The Partnership for Quality Home Health Care and LeadingAge denounce proposed permanent 7.69% reduction in Medicare payments to Medicare home health services beginning in 2023, plus clawback cuts totaling $2 billion starting in 2024 for services already provided in the first two years of the pandemic.

The proposed cuts equate to a $1.33 billion cut in home health care in 2023 alone, with total cuts of up to $18.15 billion over the next 10 years, the Partnership said.

LeadingAge told CMS that “if finalized as proposed, the reduction in Medicare home health payments by a total of 4.2%, including a 7.69% negative base payment adjustment, associated to an effort to claw back an additional $2 billion from home care providers, will have a devastating effect on seniors who rely on these services.

WHY IT’S IMPORTANT

The Partnership informed CMS of the legal issues with the proposed rule and said it hoped the legal deficiencies identified would be addressed in the final rule.

He said he hired outside counsel from the law firm King & Spalding to assess the nature and extent of any legal vulnerabilities in the proposed rule that may violate separate statutory orders from Congress and other areas where it may be vulnerable to challenges under administrative law.

Partnership letter denounces rising labor and care delivery costs, technical issues with CMS payment methodology, CMS’s lack of transparency in data and information, and ongoing impacts of the COVID-19 pandemic. It includes a study of the 2022 work of Dobson | DaVanzo & Associates citing an insufficient supply of clinicians and staff turnover as well as unexpected salary increases and inflation.

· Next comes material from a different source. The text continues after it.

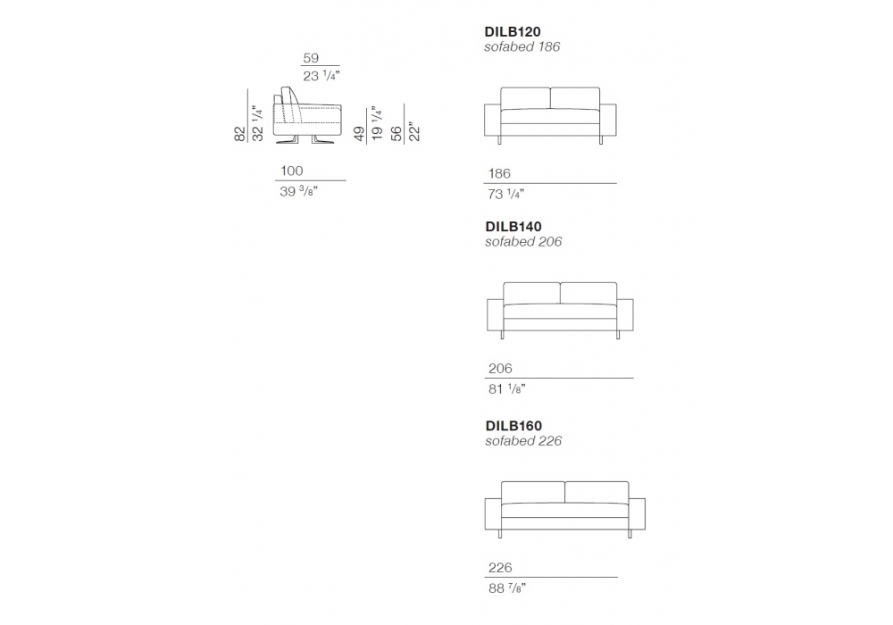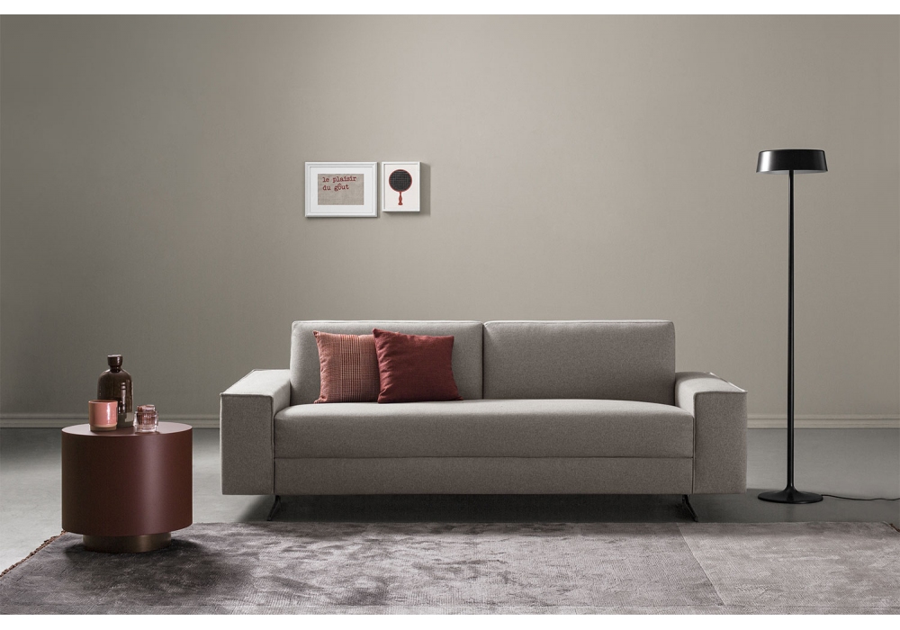 Dilbar firmato da Studio Res per Bodema é un divano letto 2-3 posti con doghe in legno e materasso Simmons a molle insacchettate, braccioli larghi e piedi alti in metallo finitura Manganese. In tessuto, pelle, velluto, trasformabile in letto piazza e mezza, francese, matrimoniale.
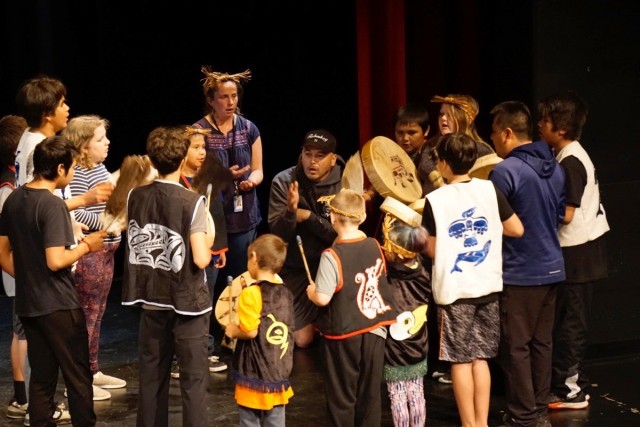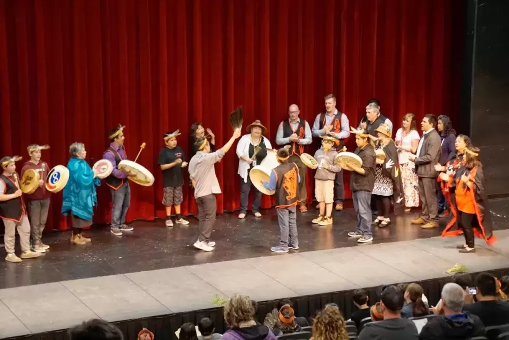 To open the performances, Aaron Watts of Tseshaht led the song We Are Strong with help from students and teachers. Watts gifted the song to SD70 and said it’s a song of celebration.

LeadingAge asks CMS to delay permanent payment reductions for at least one year and not to implement any behavior-based temporary retrospective adjustments. CMS should not use behavioral assumptions to inform temporary retrospective adjustments until a methodology is developed to target adjustment to providers who are truly behavioral change outliers, the organization said. .

Congress introduced the Preserving Home Health Care Access Act of 2022, which would delay the 7.69% payment reduction proposed for 2023 and block additional clawback reductions that are scheduled to begin as early as 2024, according to the Partnership.

THE GREAT TREND

In the proposed rule, released in June, CMS estimated that Medicare payments to home health agencies in 2023 would decline a total of -4.2%, or -$810 million, from 2022.

This decrease reflects the effects of the proposed 2.9% update percentage of the home health care payment (an increase of $560 million), an estimated decrease of 6.9% which reflects the effects of the proposed prospective and permanent adjustment to the behavioral assumption of -7.69% (a decrease of $1.33 billion). and an estimated decrease of 0.2% reflecting the effects of a proposed update to the fixed dollar loss ratio used to determine outlying payments (a decrease of $40 million).